May 28, 2008

Plywood Helicopter (Jan, 1949)

Plywood Helicopter

THERE’S an Easter egg in the sky! But it’s the “Flying Easter Egg”—a new single-place helicopter called by that name because of the oval shape of its plywood fuselage.

Designed by Fred Landgraf, the H-2 can make 100 mph on its 85 hp Pobjoy engine. The center of gravity of the 850-pound craft lies ahead of the rotor axis, insuring greater stability.

Landgraf has stressed simplicity in his controls in order to appear to a wider public—only stick and throttle action are necessary for flight.

3 Comments »

  1. Should be at least as safe and reliable as the V-22 Osprey

    Comment by Marc B. — May 28, 2008 @ 12:16 pm

  2. Does anyone have additional information about this design? Might be interesting to build as a Light Sport Aircraft.

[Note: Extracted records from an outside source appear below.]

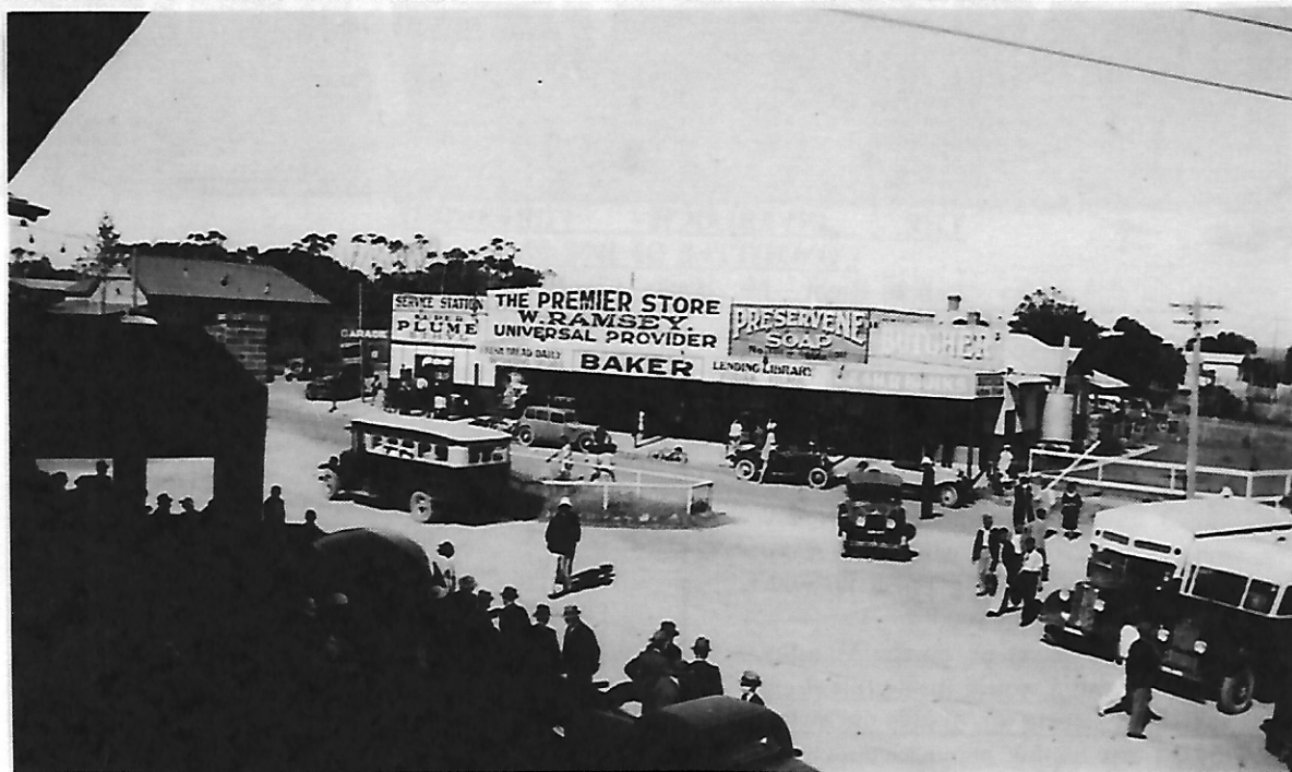
A 1933 photo of the new RAMSEY'S GENERAL STORE which included a bakery, delicatessen, farm supplies, petrol, oil, garage and estate agent. The butcher's shop opened by the Banks brothers is far right.
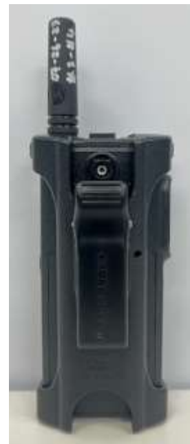
DUT Back View Swivel Carry Holster PMLN7190A
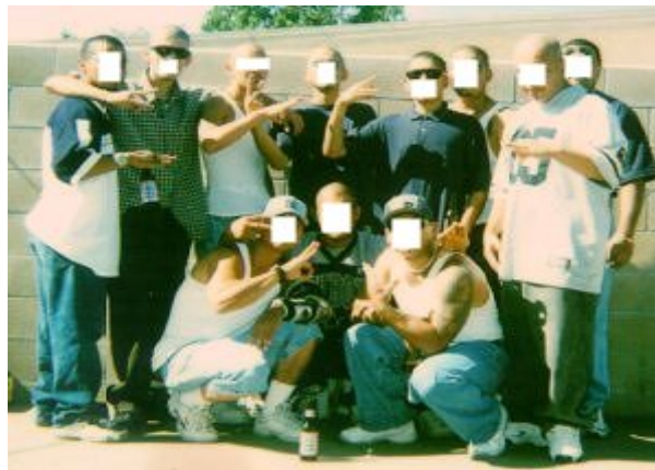
Juvenile Hispanic Gang Members

Under the guidelines in 28 CFR Part 23, Section (b)(6), information in an intelligence database must be evaluated for its relevance and importance at least every five years. Information not in compliance with the submission requirements should be purged, even if it is discovered to be noncompliant before five years. No information from the database should be disseminated without a legitimate law enforcement reason, such as a criminal case being filed against a suspect with information in the database.
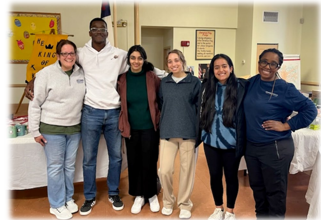
Students in the Program in Applied Public Health Sciences sorting & organizing Amazon donated supplies for the Community Store at Metropolitan AME Zion Church, Hartford
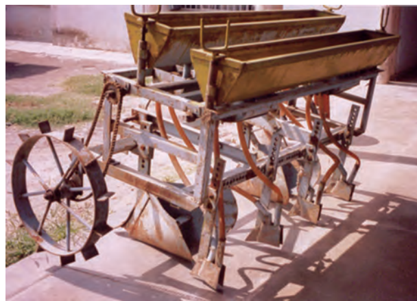
Fig. 4.15: Modern technological equipments used in agriculture

reforms. Provision for crop insurance against drought, flood, cyclone, fire and disease, establishment of Grameen banks, cooperative societies and banks for providing loan facilities to the farmers at lower rates of interest were some important steps in this direction.
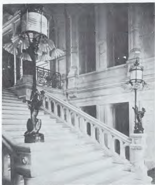
Italian marble was used for the stairs, flooring and casings in the entrance halls of the Guardian building.

“modern” and too young to be thought “picturesque.” 9
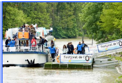
Visitors from Paris get off the boat of Festival de l'Oh!
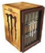
A Monster Java Cooler
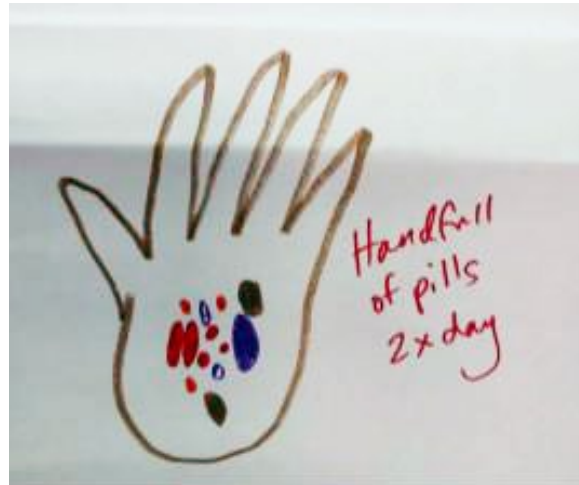
One of the responses to the drawing prompt, "Draw what health means to you."

As patrons become familiar with the program they become its ambassadors, letting new participants know how the sessions work.
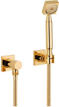
U5E.52 Shower set
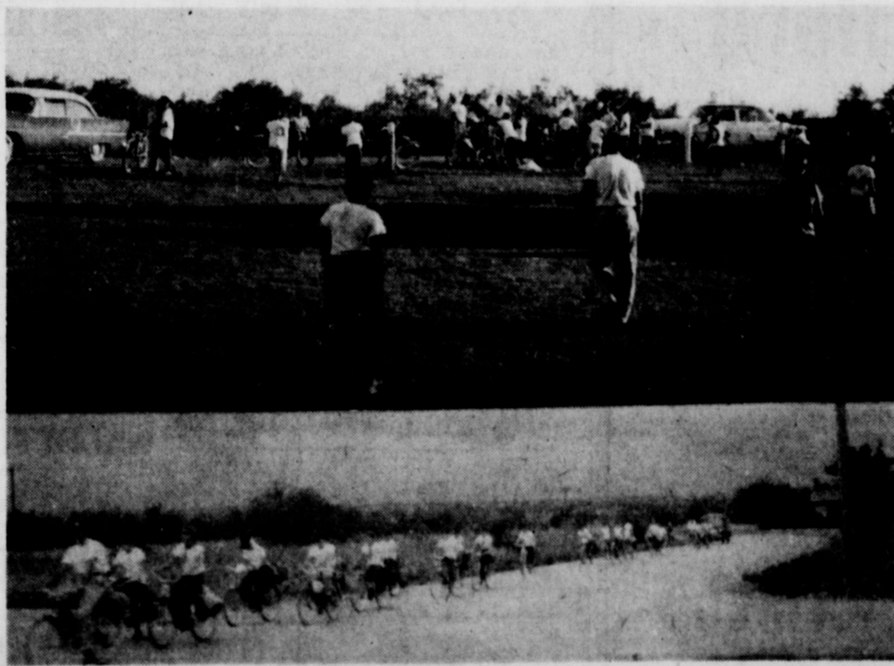
SETTING UP FOR THE NIGHT AND LEAVING—Twenty-five Boy Scouts and their leaders are shown above as they are parking their bicycles and getting set to spend the night in the County Park at Bronte. Lower shot shows the boys as they were leaving Bronte Tuesday morning. They were the guests of Bronte Lions Club and four local churches for supper Monday night and breakfast Tuesday morning.

Boys who successfully complete the journey will be awarded a merit badge in cycling.
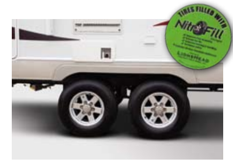
Tires on all Sunset Creek models are filled with nitrogen. It provides improved fuel economy; tire life, braking and handling, and safety.
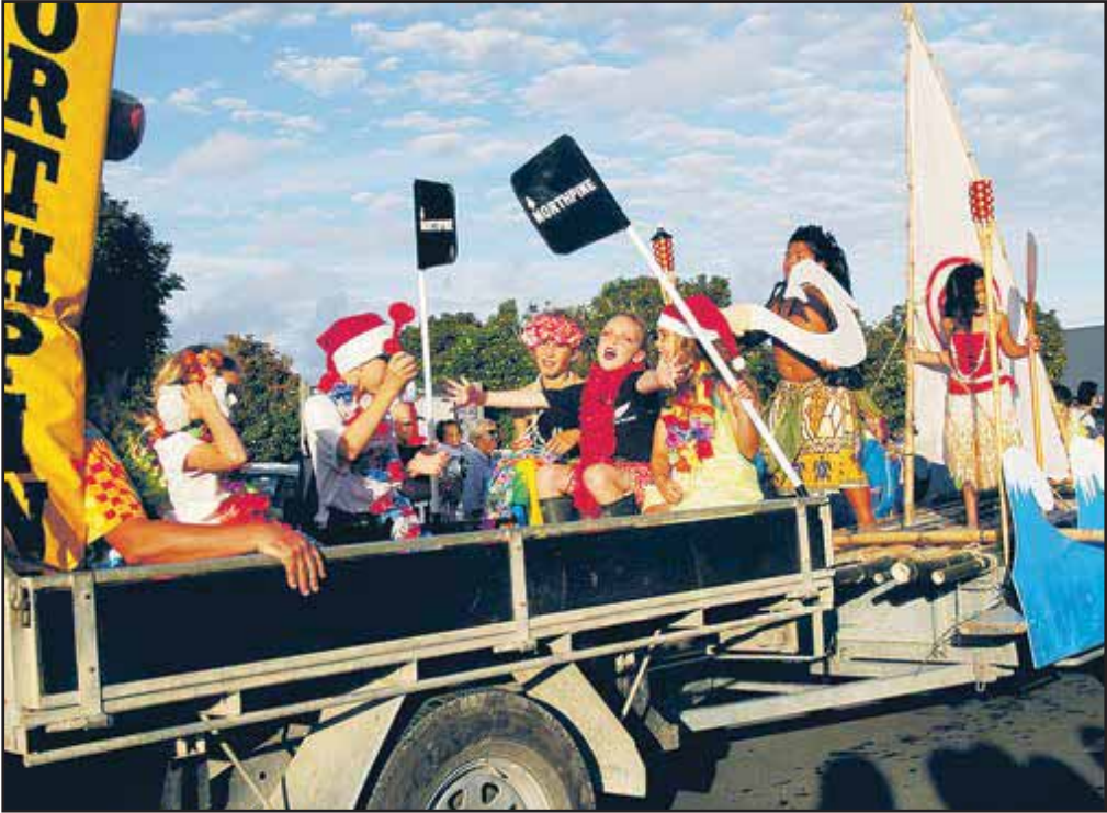
The Waipu Rugby Club float was based on the Disney film Moana
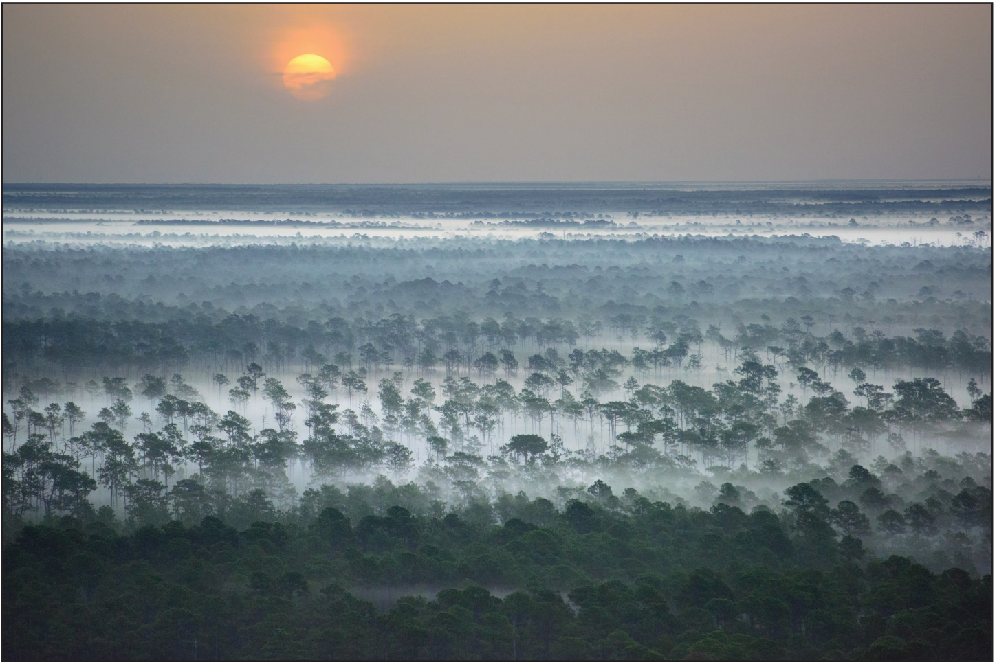
Eglin Air Force Base, Part of World's Largest Connected Corridor of Longleaf Pine Trees
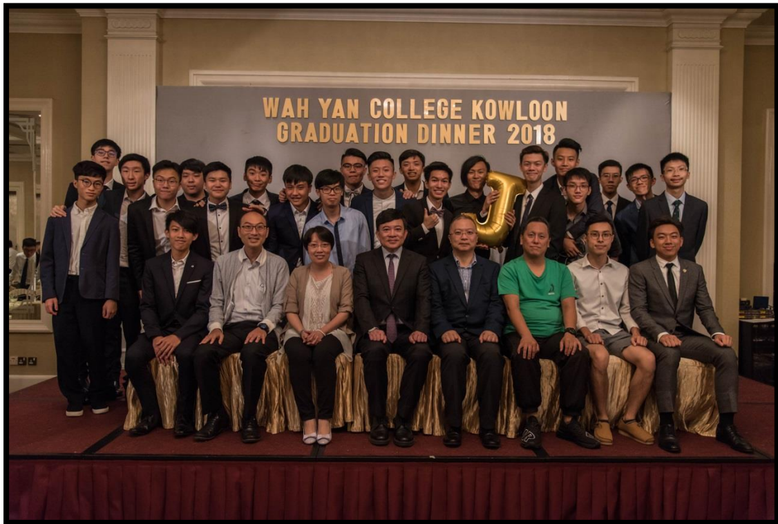
A photo speaks more than a thousand words: Students expressing gratitude to teachers and Principal.
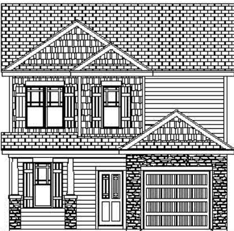
FRONT ELEVATION C
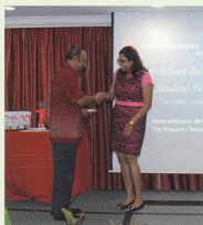
Boon Lay Garden Primary School
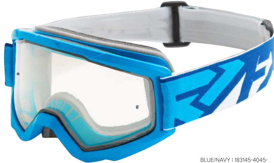
BLUE/NAVY | 183145-4045- [CLEAR LENS]
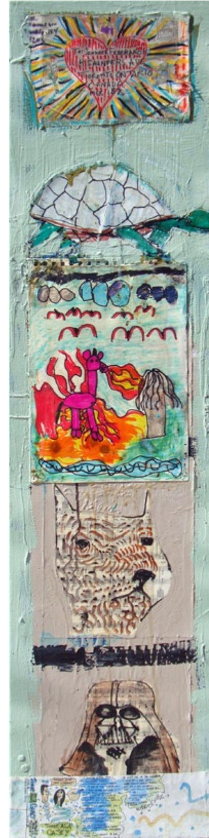
Cat & Turtle All Summer 2013 mixed media on canvas 48 x 12 in.
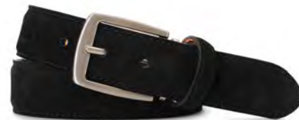
Black Italian Suede
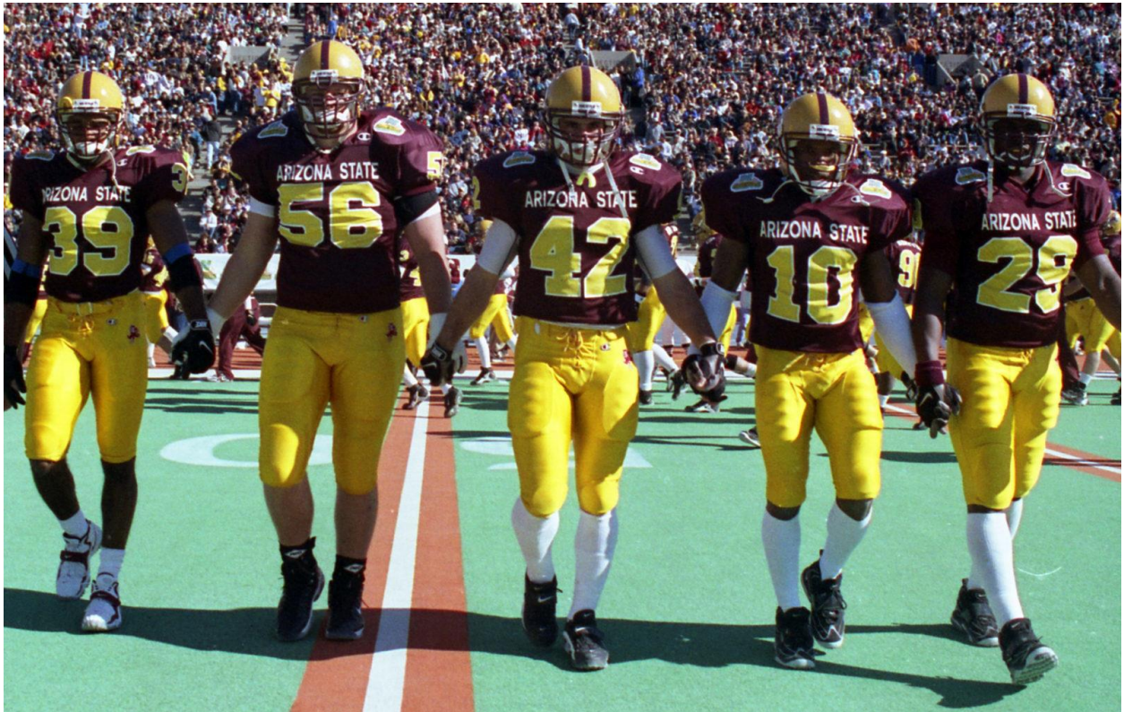
Arizona State University recognized Pat's potential both in classroom and on field with a scholarship to play for the Sun Devils. What Pat lacked in physical size he more than made up for in intensity as linebacker. He led ASU to the 1997 Rose
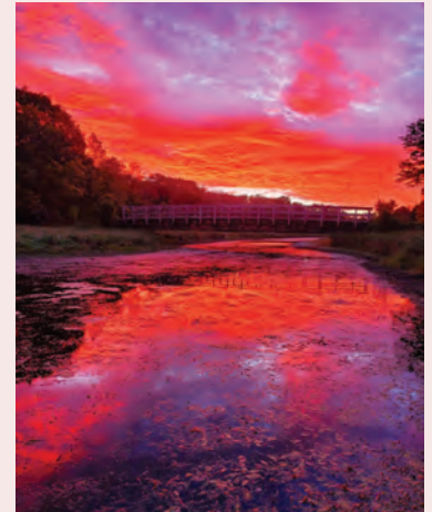
Second Place: Spring Sunrise at Minnehaha Creek
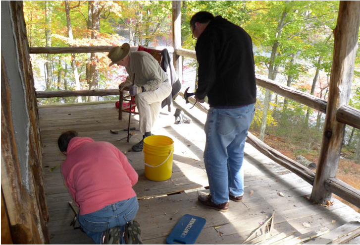
Fall Wood/ Work Day
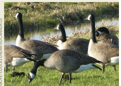
Fewer wildlife conflicts
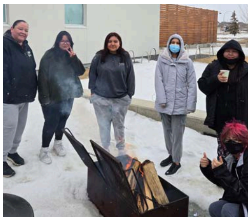
Students enjoying a fire in the snow
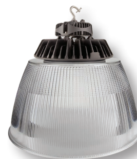
LED Round High Bay with acrylic refractor
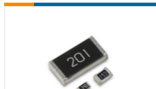
TE Part #2-2176329-9 CRGP 1210 2K2 1%
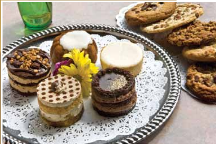
A selection of some of the gourmet fresh-baked treats featured at Crazy Alice's Café.

Written by: Sara Mullins
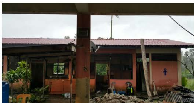
ABJC – Kitchen (Before)
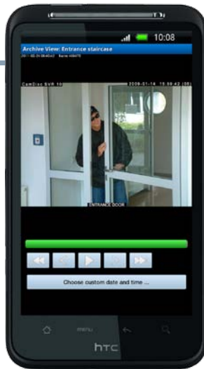
Access dialogue continuous recording

After connecting to a HeiTel VideoGateway the display will show live video images. The image quality can be adjusted in four levels and consequently the frame rate can be raised. After selecting a PTZ camera the pan-tilt function of PTZ systems as well as the zoom can be controlled using the display. Actually the displayed arrows are not visible, but they indicate the screen area which can be minimised or enlarged with Swipe Gestures. The relay control is generally active if the relay has been set up as a switch or button.

    Comment by Larry Bialecki — November 17, 2009 @ 6:44 pm

  3. Larry: http://www.aviastar.org/helico.....ndgraf.php

    Didn’t catch on, but here are some patents by the inventor:

    http://www.google.com/patents?.....38;f=false
    http://www.google.com/patents?.....38;f=false
    http://www.google.com/patents?.....38;f=false
    http://www.google.com/patents?.....38;f=false

    @Marc B.: That’s funny, the people who fly it think it’s safe and reliable http://www.marinecorpstimes.co.....ey_071014/

    Comment by Firebrand38 — November 17, 2009 @ 7:10 pm

RSS feed for comments on this post.

Leave a comment

21 queries. 0.602 seconds.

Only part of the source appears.